The wiring diagram falls in that 10 percent range of not matching.

Does anyone have the real F!*D wiring diagram that I can buy?

Thanks
SD


----------



## chrpmaster

Sorry to hear of your problems SD. I have heard of many horror stories of the Vietnam reconditioned tractors. If Hoye tractor doesn't have the correct manual you could try LMTC.

Did you buy this from a dealer? Are they able to help you? Which one did you buy it from? I think it criminal what they have done to these great tractors. Let us know how you're doing with it.

Andy


----------



## StupidDog

Looks like MurrayPublishing.com carries the manuals for the F & FX models. The electrical system diagram looks more like what I have.

Ok, well so now we have got another regulator on the way. With the new diagram hopefully we can get the wire uncrossed.

SD


----------



## mark777

> _Originally posted by StupidDog _
> *Looks like MurrayPublishing.com carries the manuals for the F & FX models. The electrical system diagram looks more like what I have.
> 
> Ok, well so now we have got another regulator on the way. With the new diagram hopefully we can get the wire uncrossed.
> 
> SD *


Here is the REAL F-18 wiring diagram....afraid it's all Japanese, but it's the real deal.

Mark


----------



## StupidDog

Thanks mark,

I bought a used wiring harness. I asked for a harness for a F18D. The one that was delivered is labeled FX18. It pretty much looks the same except it has a couple of connectors that I don't know what they are.
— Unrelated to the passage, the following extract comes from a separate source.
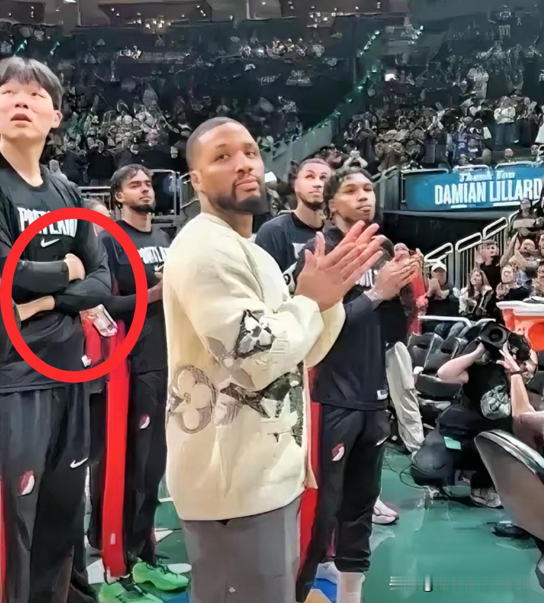 看杨瀚森这行为显得特别格格不入 就单凭这一点他就无法立足开拓者 人家大屏幕播放致敬利拉德的视频 作为利拉德的队友全都起立为老大鼓掌 唯独杨瀚森显得那么突兀,双手抱胸 就这样呆呆的看着,好像根本不关自己事 相信换做随便一个人都不会是这样的反应 也不会出现这样尴尬的场面,这是最基本的礼貌 连这一点常识都没有,怎么在NBA混下去 实力不行也就算了,你这样还是早点回国吧!

What's the difference between an F and FX model.


----------



## StupidDog

Here is a blow up of the connectors.


----------



## mark777

The FX series tractors have a power-shift transmission. The F is geared.
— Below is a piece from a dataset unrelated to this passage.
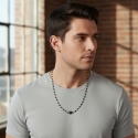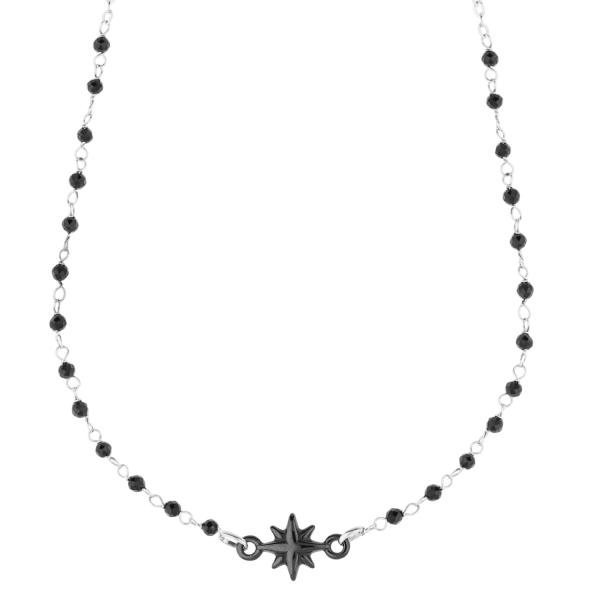 Šis išskirtinis kaklaraštis yra pagamintas iš 18 karatų balto aukso grandinės, išmintingai papuoštas juodais šviesais ir kontrastais.
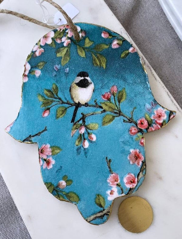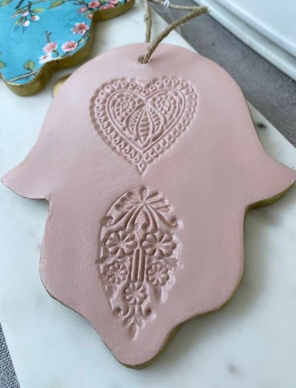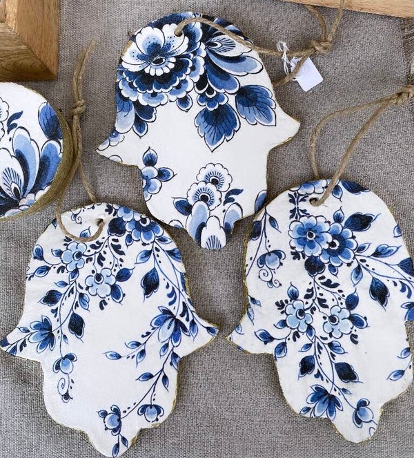 Prachtige Fatima Handen gemaakt van gebakken klei. In de kleuren Delfts Blauw Oud Rose en in een mooie bloesem afbeelding. Allemaal afgelakt. Om op te hangen of als schaal te gebruiken.

Although you've supplied excellent pictures....I can't tell which end is which, or what the additional connectors do  

Mark


----------



## StupidDog

*Thanks Ernie*

Installed the new wiring harness complete with regulator. We are getting 13.6 to 14.2 volts to the battery now. How great is that? Not having to jump start the tractor every time that you use it.

We have translated the Japanese version of the wiring harness and will be posting it soon for anyone else that might need that.

SD


----------